Sabrina Weddle is still angry and frustrated about the death of her brother, Saxon Rodriguez, inside the San Diego County Central Jail in July 2021.
Now she advocates for further oversight of jail personnel and medical staff and often broadcasts her message, in front of county jails, for all to hear. That's where we talked to her last week.
“We miss our little brother. He should have never died in jail,” Weddle said.
Rodriguez got hold of fentanyl and methamphetamine inside the facility and overdosed.
“To get a phone call that your loved one has died in jail … You know, you think this is a place they're safe. That they're getting help and cared for, and that wasn't the case for Saxon,” Weddle said.
Rodriguez’s death is part of a larger issue with high rates of in-custody deaths in the region. Last year a state audit found dire conditions in San Diego county jails.
Since then, two new bills have become state law. They provide further oversight for jail deaths as well as mental health and medical healthcare.
Paul Parker is executive director of the Citizens' Law Enforcement Review Board (CLERB), which investigates jail deaths.
“The sheriff's department has implemented some changes. And so I think that's helpful. But one of the things the sheriff's department is leery to do is to implement some of the policy recommendations that we have made. Specifically about scanning its own employees entering the facilities for drugs,” he said.
It has been an ongoing point of contention for San Diego County Sheriff Kelly Martinez. A 2023 grand jury report also recommended scanning everyone entering the jails.
“Body scanning is not something that's really practical, or we think we can do with our staff. But there's a lot of things we're doing to keep staff and everyone who's coming into our facilities from bringing contraband inside,” Martinez said.
While Martinez said body scanning may not be practical, the sheriff has introduced a wide-ranging 10-year plan to upgrade the region’s seven aging detention centers.
The oldest of those sites is the Vista Detention Center. She said a lot of the systems there are starting to fail.
“A jail built in the 70s wasn't built for the population that were serving today. The cells really aren't structured in a way that's therapeutic or helps people with mental illness or the medical needs that we need,” Martinez said.
North County Equity and Justice Coalition's Yusef Miller agrees the facilities need upgrades, but said the issues run deeper than the structures themselves.
“The families that we represent, that have lost loved ones in custody, it wasn't because the walls were cracked, it wasn't because the toilets were broken. It was because they were neglected,” Miller said.
The county is facing multiple lawsuits over conditions in the jails and in-custody deaths.
Weddle is not involved in a lawsuit, but says there were shortcomings by the department in her brother’s death.
“It's already been determined by CLERB that the sheriffs were responsible for not keeping those drugs out of jails. It was also determined by the medical examiner that the deputies checked him at 65 minutes, when they're supposed to check him every 60 minutes,” Weddle said.
Martinez said her department is working to reduce jail deaths in San Diego County, and said that goal will help to inform the modernization projects.
“We look at every death that occurs in our custody and we methodically examine ‘is there something we could have done differently?'” the sheriff said.
CLERB’s Parker said jail deaths are down so far this year compared to last.

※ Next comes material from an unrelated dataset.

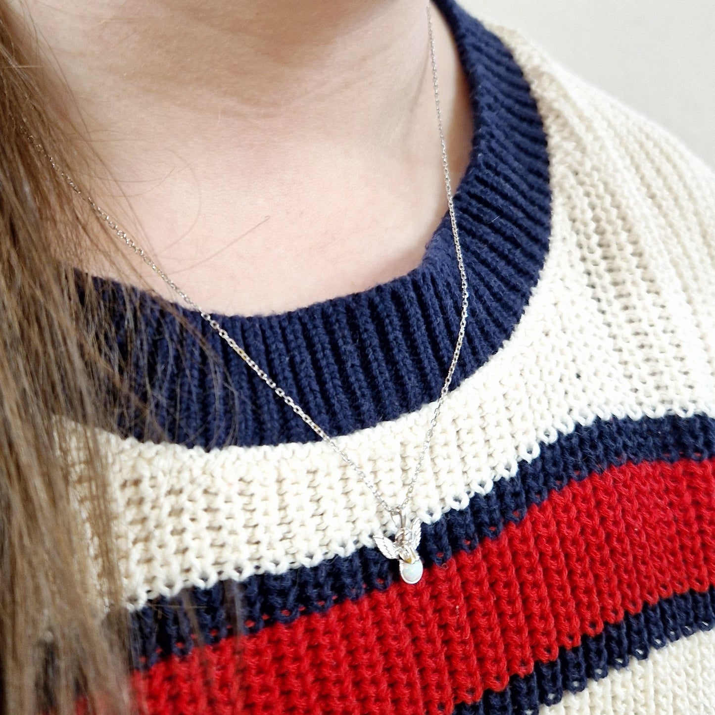 Sterling Silver Little Guardian Angel Pendant with Opal

He attributed some of the improvement to last year's policy change that distributes the anti-overdose drug, Naloxone, to all inmates. He also said medical and mental health screening is more robust than before.
Still, Parker said more needs to be done. CLERB is requesting jurisdiction over employees who provide medical service in the jails.
“We can't look at any complaints about anybody saying, ‘well, this nurse didn't do this, or this nurse gave me the wrong medication.’ There’s nothing we can do,” Parker said. “We want that authority so we get the full picture of the type of care being provided and the deaths that are occurring.”
Miller agrees that more staff oversight is needed in order to create a safe environment.
“We need accountability and transparency to what's actually going on,” he said.
The activist added that improved medical care and better mental health treatment in the jails should be prioritized in the modernization plan.
“I hope that leads to a drop in loss of life in custody," Miller said. "Most of these people dying are pre-trial, which means they died innocently in jail because they've never had their day in court.”
Parker said it's not possible to prevent all deaths as some people die of natural causes, but San Diego jails are still a ways off from that point.
The state audit and a 2022 CLERB report found the mortality rate for San Diego County is the highest among California’s largest county jail systems.
“The big elephant in the room is the drugs that are getting into the detention facilities. Fentanyl- and methamphetamine-related deaths have skyrocketed over the years,” Parker said.
Meanwhile, Weddle is still looking for justice for her brother and the many others like him who suffered a similar fate.
She said her brother died while waiting to go to court, just four days after his arrest.
“Justice would be them taking proper care of the inmates in there. They're inmates, but they're humans,” she said.
Martinez said year one of the plan has already started, and the sheriff’s department will spend the next few years identifying funding.
She hopes construction on the county’s various jail facilities can begin in four to five years.